Breaking down ROE — the mother of all ratios

Return on Equity (ROE) weighs Seneca Foods’s profit against the level of its shareholders’ equity. An ROE of 0.95% implies $0.01 returned on every $1 invested, so the higher the return, the better. Investors that are diversifying their portfolio based on industry may want to maximise their return in the Packaged Foods and Meats sector by choosing the highest returning stock. But this can be misleading as each company has different costs of equity and also varying debt levels, which could artificially push up ROE whilst accumulating high interest expense.
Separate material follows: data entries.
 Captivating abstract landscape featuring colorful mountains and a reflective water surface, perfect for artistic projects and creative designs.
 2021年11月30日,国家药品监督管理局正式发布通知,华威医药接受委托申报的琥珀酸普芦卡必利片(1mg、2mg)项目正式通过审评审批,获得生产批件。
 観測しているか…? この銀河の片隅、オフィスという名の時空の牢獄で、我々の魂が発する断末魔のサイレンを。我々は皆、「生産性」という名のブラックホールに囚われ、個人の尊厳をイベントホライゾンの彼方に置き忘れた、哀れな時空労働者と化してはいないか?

Return on Equity = Net Profit ÷ Shareholders Equity

ROE is assessed against cost of equity, which is measured using the Capital Asset Pricing Model (CAPM) – but let’s not dive into the details of that today. For now, let’s just look at the cost of equity number for Seneca Foods, which is 12.31%. Since Seneca Foods’s return does not cover its cost, with a difference of -11.37%, this means its current use of equity is not efficient and not sustainable. Very simply, Seneca Foods pays more for its capital than what it generates in return. ROE can be split up into three useful ratios: net profit margin, asset turnover, and financial leverage. This is called the Dupont Formula:

Dupont Formula

ROE = profit margin × asset turnover × financial leverage

ROE = (annual net profit ÷ sales) × (sales ÷ assets) × (assets ÷ shareholders’ equity)
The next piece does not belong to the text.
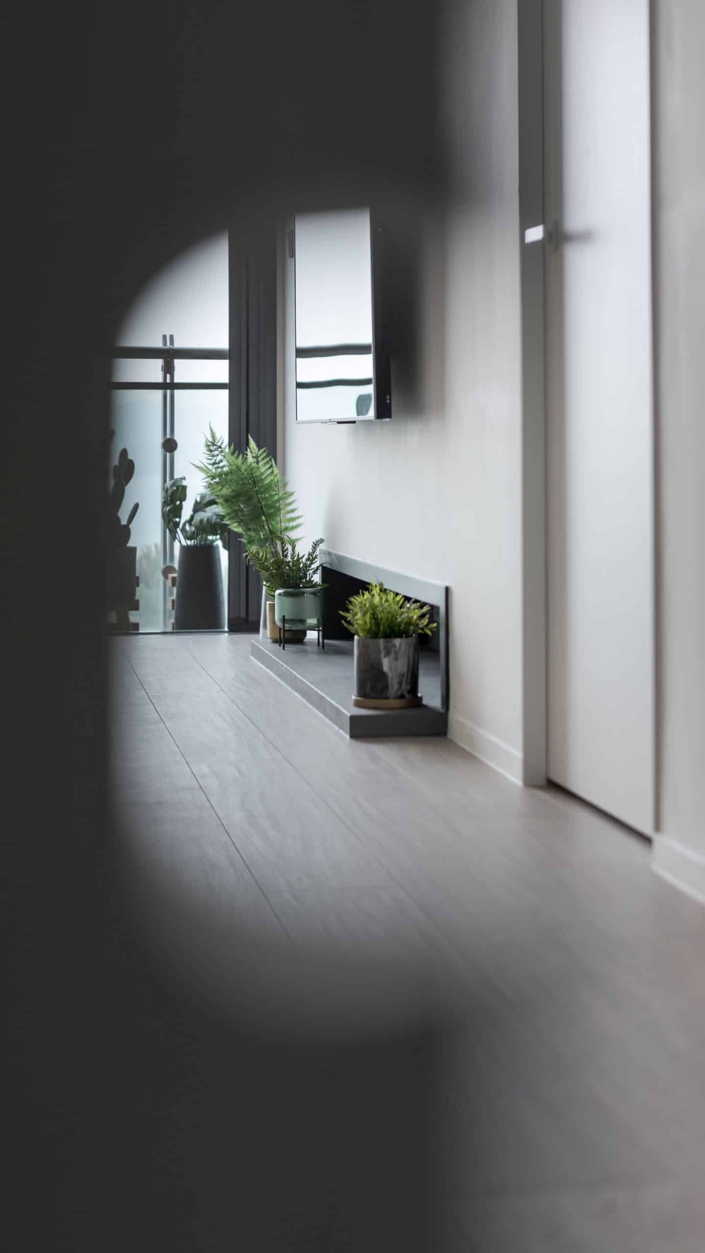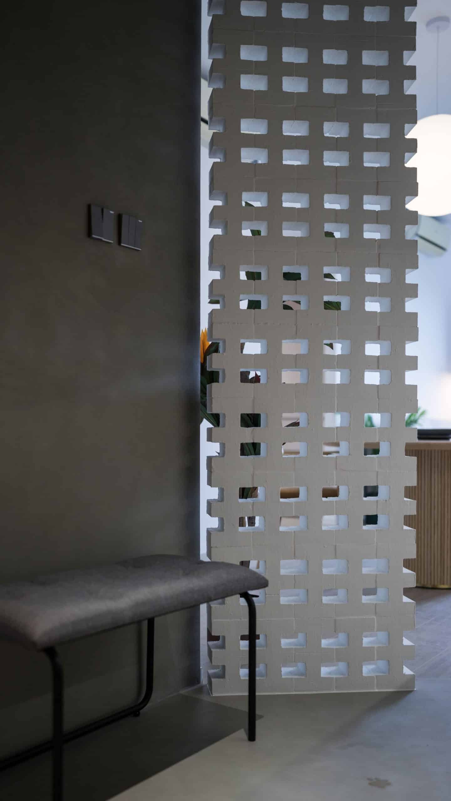 在傳統小清新的氛圍中加入自己偏好的元素,取得平衡,將其塑造得帶點暗調。全灰調水泥玄關,地面上藏著數隻貓腳掌印,低調地表現出這單位的主人翁 ,包括兩隻貓貓。

ROE = annual net profit ÷ shareholders’ equity

NasdaqGS:SENE.A Last Perf Mar 31st 18
NasdaqGS:SENE.A Last Perf Mar 31st 18

Basically, profit margin measures how much of revenue trickles down into earnings which illustrates how efficient the business is with its cost management. The other component, asset turnover, illustrates how much revenue Seneca Foods can make from its asset base. And finally, financial leverage is simply how much of assets are funded by equity, which exhibits how sustainable the company’s capital structure is. ROE can be inflated by disproportionately high levels of debt. This is also unsustainable due to the high interest cost that the company will also incur. Thus, we should look at Seneca Foods’s debt-to-equity ratio to examine sustainability of its returns. The ratio currently stands at a balanced 105.07%, meaning Seneca Foods has not taken on excessively disproportionate debt to drive its returns. The company is able to produce profit growth without a substantial debt burden.
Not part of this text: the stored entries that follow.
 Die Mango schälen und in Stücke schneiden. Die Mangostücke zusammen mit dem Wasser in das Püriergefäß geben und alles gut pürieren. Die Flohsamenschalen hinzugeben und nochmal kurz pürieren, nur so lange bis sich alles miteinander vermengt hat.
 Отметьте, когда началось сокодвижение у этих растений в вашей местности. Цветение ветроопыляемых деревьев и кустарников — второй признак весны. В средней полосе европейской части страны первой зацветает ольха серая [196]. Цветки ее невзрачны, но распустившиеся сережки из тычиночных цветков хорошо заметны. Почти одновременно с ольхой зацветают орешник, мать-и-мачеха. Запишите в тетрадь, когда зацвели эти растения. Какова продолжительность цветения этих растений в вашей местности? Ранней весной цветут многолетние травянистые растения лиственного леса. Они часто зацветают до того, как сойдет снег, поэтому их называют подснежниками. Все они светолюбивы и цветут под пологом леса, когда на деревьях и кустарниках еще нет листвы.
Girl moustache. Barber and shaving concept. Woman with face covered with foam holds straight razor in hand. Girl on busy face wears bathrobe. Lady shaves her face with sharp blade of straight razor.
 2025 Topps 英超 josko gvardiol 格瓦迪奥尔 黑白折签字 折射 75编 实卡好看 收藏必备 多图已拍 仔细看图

NasdaqGS:SENE.A Historical Debt Mar 31st 18
NasdaqGS:SENE.A Historical Debt Mar 31st 18

Next Steps:

ROE is one of many ratios which meaningfully dissects financial statements, which illustrates the quality of a company. Seneca Foods’s below-industry ROE is disappointing, furthermore, its returns were not even high enough to cover its own cost of equity. However, ROE is not likely to be inflated by excessive debt funding, giving shareholders more conviction in the sustainability of returns, which has headroom to increase further. Although ROE can be a useful metric, it is only a small part of diligent research.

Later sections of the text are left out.